For the past year and a half, Montgomery is also where he did some of his flight training to become a commercial pilot.

“So during the pandemic, I went to Montgomery a few times, especially when I was there doing checks (FAA exams),” Johnson said. “I did all my checkrides there. And while I’m in town, I’ll be visiting people and things like that.

Johnson will be much more down-to-earth on Sunday at Montgomery’s Riverwalk Stadium, where he and several musician friends are gathering for Johnson’s annual Homecoming concert. This is a fundraiser for the Nikki Mitchell Foundation, which helps families facing a battle with pancreatic cancer.

Doors open at 5 p.m. and the show starts at 7 p.m. Tickets can be purchased online at jameyjohnson.com. Standing tickets at court level only are $50 and bowl seating is $35.

THE LIFE OF A TOURING MUSICIAN


People often ask Johnson when his next album will be released. Her last – “Living For a Song” was in 2012. But recording just isn’t where her heart has been.

“No, I have nothing in preparation. I’m not doing anything,” Johnson said. “You know, right now I’m a touring musician. That’s what I do. Yes, that’s what I appreciate. »

It’s not an easy life. Touring, and everything associated with it, came to a halt last year during the pandemic. This year has been better for Johnson, who said he and his group have been busy. Some other artists are not so lucky.

“People who want to go on tour always find that’s not even possible,” Johnson said. “Sometimes because we now have a shortage of bus drivers and truck drivers, to go along with the pandemic concerns that are already there. We want to make safe shows for our listeners, but at the same time, we also have a band and a crew that we’re trying to protect. To ensure their safety, it is necessary in particular to make them earn money. When you put them in the house and they don’t make money, it doesn’t protect them. It keeps them broke.

He said there must be a “middle ground” with safety precautions. He said they had that kind of balance in September when he performed during Farm Aid. Johnson said the concert was a hit with the public and was “as safe as it gets”.

He hopes to strike that kind of balance at Sunday’s Homecoming concert.

“You know, the thing that’s there this year that wasn’t there last year is this vaccination,” Johnson said. “It’s not a panacea. It is not a 100% secure protocol. But it is something. It’s something that wasn’t there last year and is there this year. »

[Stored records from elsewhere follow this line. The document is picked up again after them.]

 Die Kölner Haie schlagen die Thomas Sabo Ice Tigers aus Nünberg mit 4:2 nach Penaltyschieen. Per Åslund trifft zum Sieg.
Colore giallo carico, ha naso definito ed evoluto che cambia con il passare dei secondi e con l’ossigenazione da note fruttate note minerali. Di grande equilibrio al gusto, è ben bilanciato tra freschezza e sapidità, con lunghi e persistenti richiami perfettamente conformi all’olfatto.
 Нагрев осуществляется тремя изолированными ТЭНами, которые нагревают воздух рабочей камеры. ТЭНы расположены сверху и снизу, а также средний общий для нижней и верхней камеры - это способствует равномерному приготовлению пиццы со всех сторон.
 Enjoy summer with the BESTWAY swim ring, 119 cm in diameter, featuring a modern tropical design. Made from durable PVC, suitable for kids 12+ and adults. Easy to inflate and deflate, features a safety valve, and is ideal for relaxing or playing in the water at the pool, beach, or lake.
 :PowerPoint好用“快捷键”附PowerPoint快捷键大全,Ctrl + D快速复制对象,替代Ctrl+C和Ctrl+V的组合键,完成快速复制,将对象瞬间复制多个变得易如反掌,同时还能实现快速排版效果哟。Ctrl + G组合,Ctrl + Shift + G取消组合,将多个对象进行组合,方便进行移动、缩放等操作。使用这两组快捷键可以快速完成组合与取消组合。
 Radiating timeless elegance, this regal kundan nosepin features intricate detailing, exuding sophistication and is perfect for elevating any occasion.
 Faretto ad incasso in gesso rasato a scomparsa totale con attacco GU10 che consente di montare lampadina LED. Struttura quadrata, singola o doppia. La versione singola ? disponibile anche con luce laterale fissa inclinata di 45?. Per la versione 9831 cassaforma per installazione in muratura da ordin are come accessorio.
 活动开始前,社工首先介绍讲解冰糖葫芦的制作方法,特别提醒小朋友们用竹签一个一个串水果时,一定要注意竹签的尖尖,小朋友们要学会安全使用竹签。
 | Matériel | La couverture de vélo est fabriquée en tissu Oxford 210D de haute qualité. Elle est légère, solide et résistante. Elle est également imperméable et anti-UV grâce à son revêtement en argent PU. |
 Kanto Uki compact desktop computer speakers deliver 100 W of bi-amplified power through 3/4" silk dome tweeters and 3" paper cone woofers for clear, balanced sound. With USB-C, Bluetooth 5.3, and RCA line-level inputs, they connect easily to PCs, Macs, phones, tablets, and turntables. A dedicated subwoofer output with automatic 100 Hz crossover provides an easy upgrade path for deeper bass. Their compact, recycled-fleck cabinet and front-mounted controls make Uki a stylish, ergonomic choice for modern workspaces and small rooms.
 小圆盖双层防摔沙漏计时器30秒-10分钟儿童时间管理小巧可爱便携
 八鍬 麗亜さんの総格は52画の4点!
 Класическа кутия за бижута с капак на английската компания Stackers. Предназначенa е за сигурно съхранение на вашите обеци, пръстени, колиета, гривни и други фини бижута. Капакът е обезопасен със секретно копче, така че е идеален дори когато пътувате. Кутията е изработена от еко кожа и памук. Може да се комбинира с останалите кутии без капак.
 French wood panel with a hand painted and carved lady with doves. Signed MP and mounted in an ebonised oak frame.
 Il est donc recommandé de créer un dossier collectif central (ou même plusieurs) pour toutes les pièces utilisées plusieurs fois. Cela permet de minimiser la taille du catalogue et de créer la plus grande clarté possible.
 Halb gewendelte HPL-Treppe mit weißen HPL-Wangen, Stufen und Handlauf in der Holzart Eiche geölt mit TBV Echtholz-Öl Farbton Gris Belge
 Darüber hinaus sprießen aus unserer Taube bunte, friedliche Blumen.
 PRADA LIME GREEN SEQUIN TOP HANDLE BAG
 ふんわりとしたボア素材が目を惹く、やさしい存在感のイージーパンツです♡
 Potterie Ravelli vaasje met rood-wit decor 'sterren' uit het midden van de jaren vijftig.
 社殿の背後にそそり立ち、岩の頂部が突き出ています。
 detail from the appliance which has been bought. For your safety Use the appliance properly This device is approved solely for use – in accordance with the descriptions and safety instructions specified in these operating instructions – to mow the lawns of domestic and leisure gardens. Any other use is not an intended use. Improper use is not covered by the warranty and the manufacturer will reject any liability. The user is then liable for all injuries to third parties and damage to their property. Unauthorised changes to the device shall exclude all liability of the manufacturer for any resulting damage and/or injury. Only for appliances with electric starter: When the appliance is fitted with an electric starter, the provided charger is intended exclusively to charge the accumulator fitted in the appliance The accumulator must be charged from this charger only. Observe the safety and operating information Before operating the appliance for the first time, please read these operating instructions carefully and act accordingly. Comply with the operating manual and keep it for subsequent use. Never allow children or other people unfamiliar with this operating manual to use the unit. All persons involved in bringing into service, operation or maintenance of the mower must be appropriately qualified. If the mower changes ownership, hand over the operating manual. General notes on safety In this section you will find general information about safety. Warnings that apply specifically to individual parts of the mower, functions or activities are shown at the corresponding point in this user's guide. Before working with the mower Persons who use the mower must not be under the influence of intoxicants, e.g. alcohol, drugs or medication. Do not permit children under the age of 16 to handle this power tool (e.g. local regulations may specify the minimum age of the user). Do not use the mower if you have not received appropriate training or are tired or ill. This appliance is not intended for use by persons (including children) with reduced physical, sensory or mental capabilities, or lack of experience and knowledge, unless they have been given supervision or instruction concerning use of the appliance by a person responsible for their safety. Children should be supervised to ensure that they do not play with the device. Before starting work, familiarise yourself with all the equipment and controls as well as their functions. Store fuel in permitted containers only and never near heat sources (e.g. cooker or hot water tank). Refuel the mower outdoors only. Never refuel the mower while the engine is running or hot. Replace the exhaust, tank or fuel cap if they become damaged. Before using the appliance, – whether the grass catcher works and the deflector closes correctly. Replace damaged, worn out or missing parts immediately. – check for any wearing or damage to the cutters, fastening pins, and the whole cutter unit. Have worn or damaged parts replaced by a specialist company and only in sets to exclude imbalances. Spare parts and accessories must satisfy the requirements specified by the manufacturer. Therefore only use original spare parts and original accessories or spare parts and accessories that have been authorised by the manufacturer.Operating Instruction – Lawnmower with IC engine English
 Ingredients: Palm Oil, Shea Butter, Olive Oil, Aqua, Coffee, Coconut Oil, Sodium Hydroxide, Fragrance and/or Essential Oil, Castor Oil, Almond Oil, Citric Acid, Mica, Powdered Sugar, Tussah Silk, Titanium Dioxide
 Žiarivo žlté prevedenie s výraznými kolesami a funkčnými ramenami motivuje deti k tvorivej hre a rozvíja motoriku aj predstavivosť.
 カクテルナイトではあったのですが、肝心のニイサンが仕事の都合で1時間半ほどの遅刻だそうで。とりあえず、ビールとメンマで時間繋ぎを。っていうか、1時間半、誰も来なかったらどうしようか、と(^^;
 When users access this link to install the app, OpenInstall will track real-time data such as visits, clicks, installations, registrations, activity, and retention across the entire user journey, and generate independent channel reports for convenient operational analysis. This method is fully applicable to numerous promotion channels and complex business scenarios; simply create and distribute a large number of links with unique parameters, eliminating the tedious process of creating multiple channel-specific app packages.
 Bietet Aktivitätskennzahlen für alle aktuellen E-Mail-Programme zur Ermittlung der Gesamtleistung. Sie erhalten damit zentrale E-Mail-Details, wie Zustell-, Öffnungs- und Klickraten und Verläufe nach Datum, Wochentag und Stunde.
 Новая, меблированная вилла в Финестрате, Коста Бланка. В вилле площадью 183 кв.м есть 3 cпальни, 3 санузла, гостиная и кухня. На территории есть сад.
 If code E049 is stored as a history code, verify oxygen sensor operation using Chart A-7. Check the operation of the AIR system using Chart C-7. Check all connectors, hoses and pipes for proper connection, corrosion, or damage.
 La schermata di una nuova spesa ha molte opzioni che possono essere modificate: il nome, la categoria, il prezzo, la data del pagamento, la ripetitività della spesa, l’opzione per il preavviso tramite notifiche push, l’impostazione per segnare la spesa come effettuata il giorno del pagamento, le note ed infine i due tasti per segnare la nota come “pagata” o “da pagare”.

So why did Johnson become a pilot during the pandemic? Honestly, he thought it would be cool to be able to fly himself whenever he wanted. Johnson has already been flying on tour for nearly six years, studying and training with others, and logged just over 500 hours.

“I spent my free time while studying COVID,” Johnson said. “I am a private pilot. A multi-engine private pilot. I got my instrument ratings on single engine and multi engine. I’m working on getting my publicity. At the moment, I have already passed the written test. I have to find some time to go do this check-ride. I will get my business license.

So no, that bearded man you might spot flying over Montgomery again isn’t Santa Claus on a morning jaunt.

So what’s Johnson going to do when he gets his business license?

“I can fly away for vacations and whatever I want to do. There’s always somewhere to go,” Johnson said. “I keep dreaming about loading up fishing gear and getting on a plane to Montana or Alaska or somewhere. Landing on a river or going fly fishing or that sort of thing. Who knows? Maybe this dream will come true too.